Saved entries
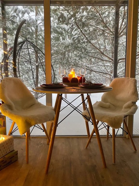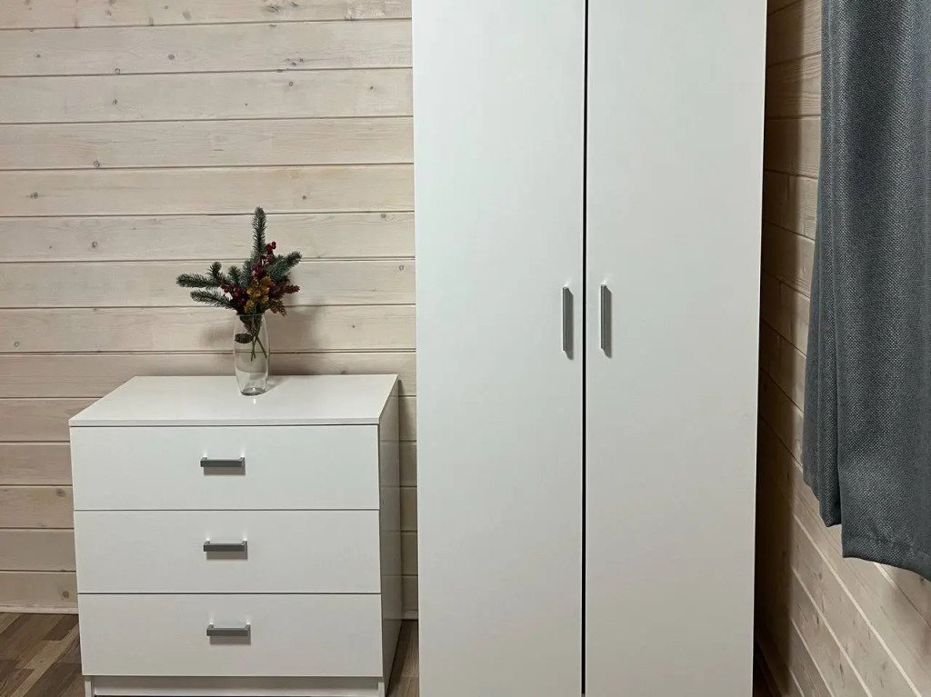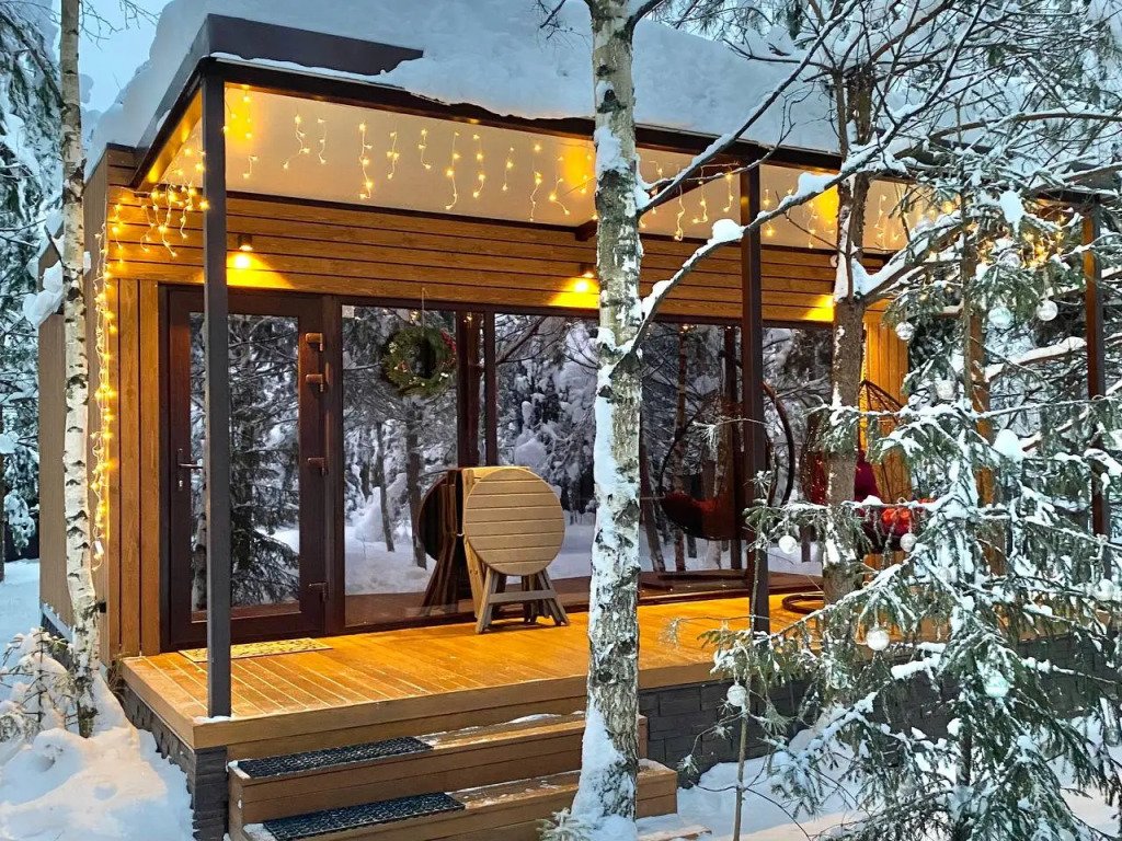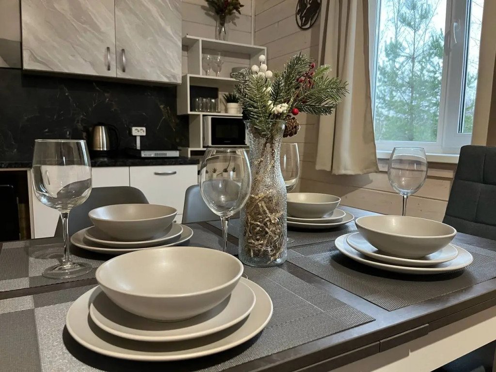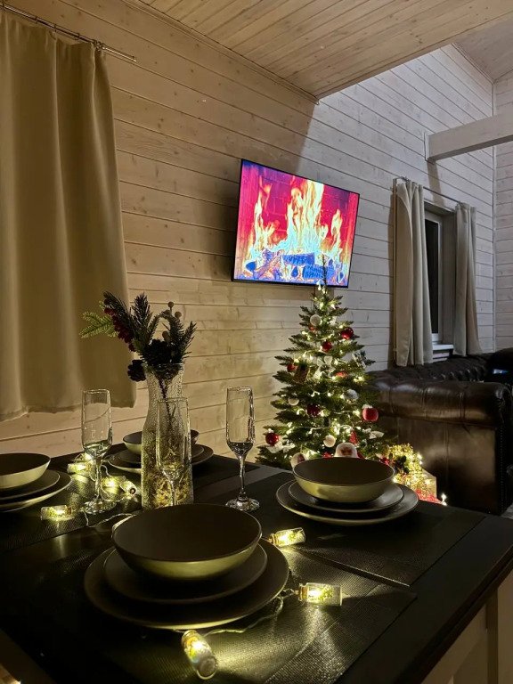 Дом на 6 человек с 3 спальнями и гостиной с кухней. Дом находится в 200 метрах от территории Skazka в лесу и в 100 метрах от леса. Проживающим доступны услуги аренды деревенской сауны и проката инвентаря.
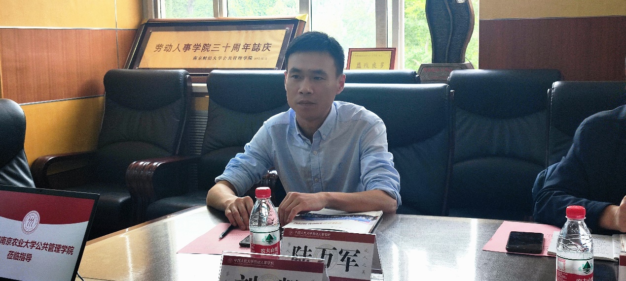 首先,郭瑜副院长对南京农业大学公共管理学院郭贯成副院长一行人表达了热烈欢迎并对硬硬av 的历史沿革、学科建设和学生培养情况进行了介绍。郭贯成副院长也对南京农业大学公共管理学院的学科建设情况进行了详细介绍。随后,与会人员就各自学院内人力资源管理专业和社会保障专业等学科建设工作内容展开了探讨,主要围绕本科生、研究生教学培养、各专业师资力量组成、教师教学要求、学生课程设计理念、学院整体学科建设理念以及学术核心竞争优势等方面进行了交流学习。
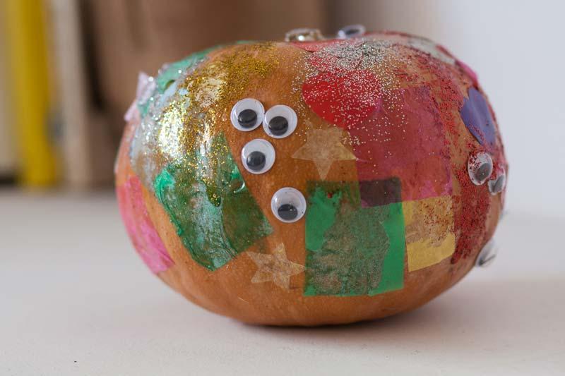 A todas estas ideas que son de su propia cosecha hay que añadir la que yo le he propuesto, decorar una calabaza de verdad con diferentes materiales y ¿qué crees que ha dicho? pues claro, que sí.
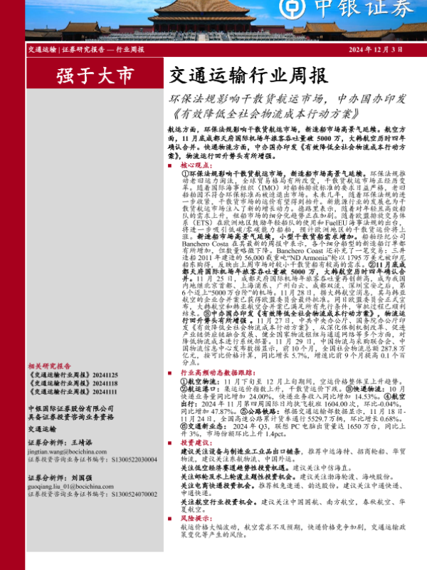 【中银证券】【20241203】交通运输行业周报:环保法规影响干散货航运市场,中办国办印发《有效降低全社会物流成本行动方案》-26页 行业研究
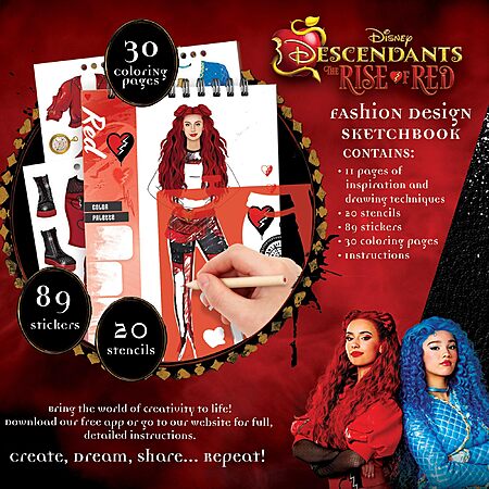 - IMMERSE YOURSELF IN THE WORLD OF DISNEY'S DESCENDANTS: The Rise of Red with a themed sketchbook designed for fashion enthusiasts. Includes 30 coloring pages featuring characters and fashion designs inspired by the bold personalities from the movie.
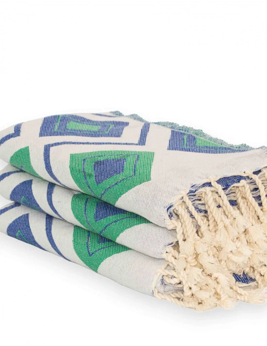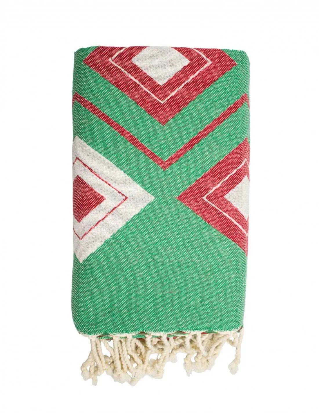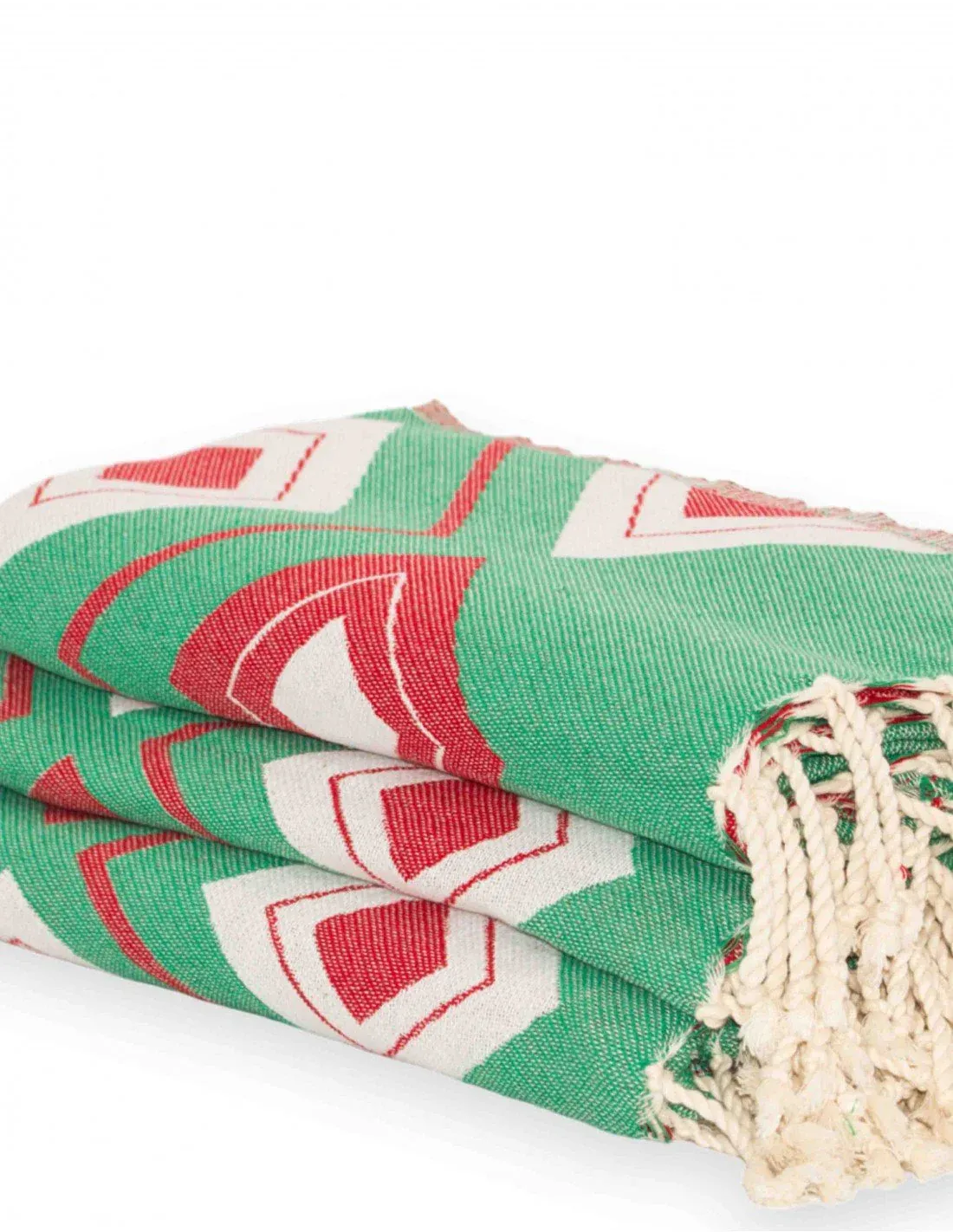 Toalla de playa tejida con arte en jacquard con colores verde-rojo-blanco y blanco-azul-verde. Esta versátil toalla no solo es un accesorio, sino una expresión de estilo y comodidad. Su diseño tejido añade un toque sofisticado, convirtiéndola en la elección perfecta para momentos de relajación en casa o experiencias al aire libre. Descubre la autenticidad y versatilidad, una fusión de practicidad y refinamiento que realza cada ocasión.
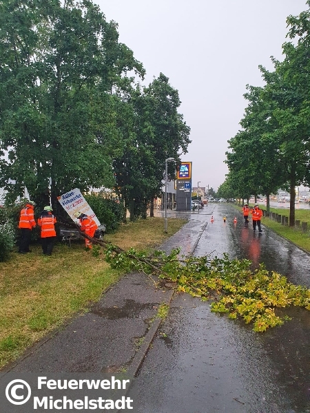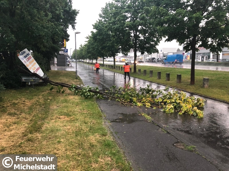 Ein umgestürzter Baum wurde entfernt und die Fahrbahn gereinigt.
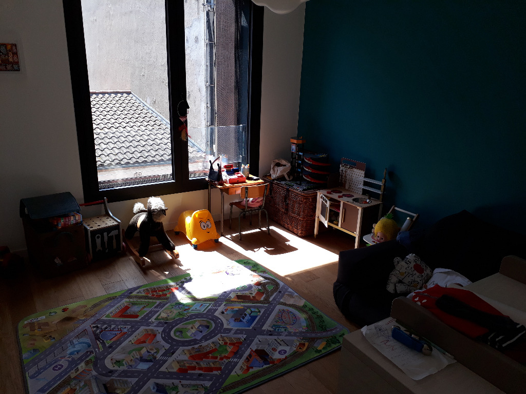- au 1er étage : 2 chambres d'enfants (chacune avec un lit 90*190 et un fauteuil futon qui se déplie en lit 100*200 très confortable) et 1 chambre parentale avec un lit en 160*200, une salle de bain, des WC séparés
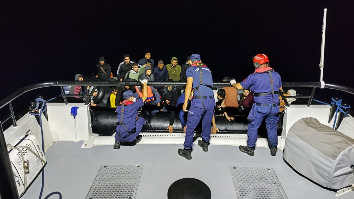 Bodrum açıklarında Yunanistan unsurlarınca Türk kara sularına itilen lastik bottaki 42 düzensiz göçmen karaya çıkarıldı.
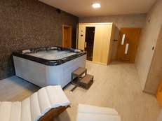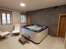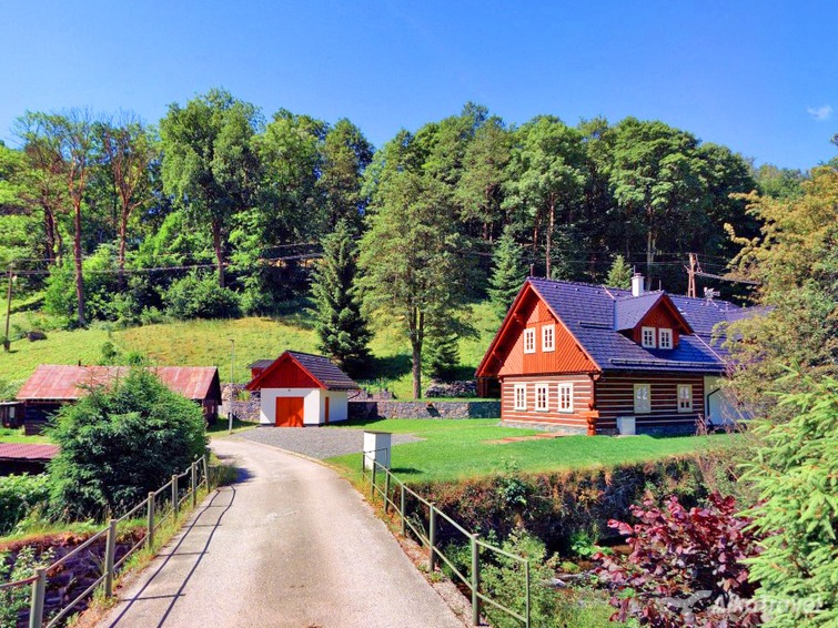 KRKONOŠE: prostorná roubená chalupa s wellness (vířivka a sauna), světnicí (posezení, výčep, billardem) s venkovním krytým posezením a možností uložení kol/lyží ca 1 km od Horního Lánova a 5 km od Vrchlabí.

- Directions for this task -
What is needed is a word-for-word restatement of the lines from the one holding "Toalla de playa" to the final line of the data above, inclusive, without any pictures.

- Reply -
 Toalla de playa tejida con arte en jacquard con colores verde-rojo-blanco y blanco-azul-verde. Esta versátil toalla no solo es un accesorio, sino una expresión de estilo y comodidad. Su diseño tejido añade un toque sofisticado, convirtiéndola en la elección perfecta para momentos de relajación en casa o experiencias al aire libre. Descubre la autenticidad y versatilidad, una fusión de practicidad y refinamiento que realza cada ocasión.
 Ein umgestürzter Baum wurde entfernt und die Fahrbahn gereinigt.
- au 1er étage : 2 chambres d'enfants (chacune avec un lit 90*190 et un fauteuil futon qui se déplie en lit 100*200 très confortable) et 1 chambre parentale avec un lit en 160*200, une salle de bain, des WC séparés
 Bodrum açıklarında Yunanistan unsurlarınca Türk kara sularına itilen lastik bottaki 42 düzensiz göçmen karaya çıkarıldı.
 KRKONOŠE: prostorná roubená chalupa s wellness (vířivka a sauna), světnicí (posezení, výčep, billardem) s venkovním krytým posezením a možností uložení kol/lyží ca 1 km od Horního Lánova a 5 km od Vrchlabí.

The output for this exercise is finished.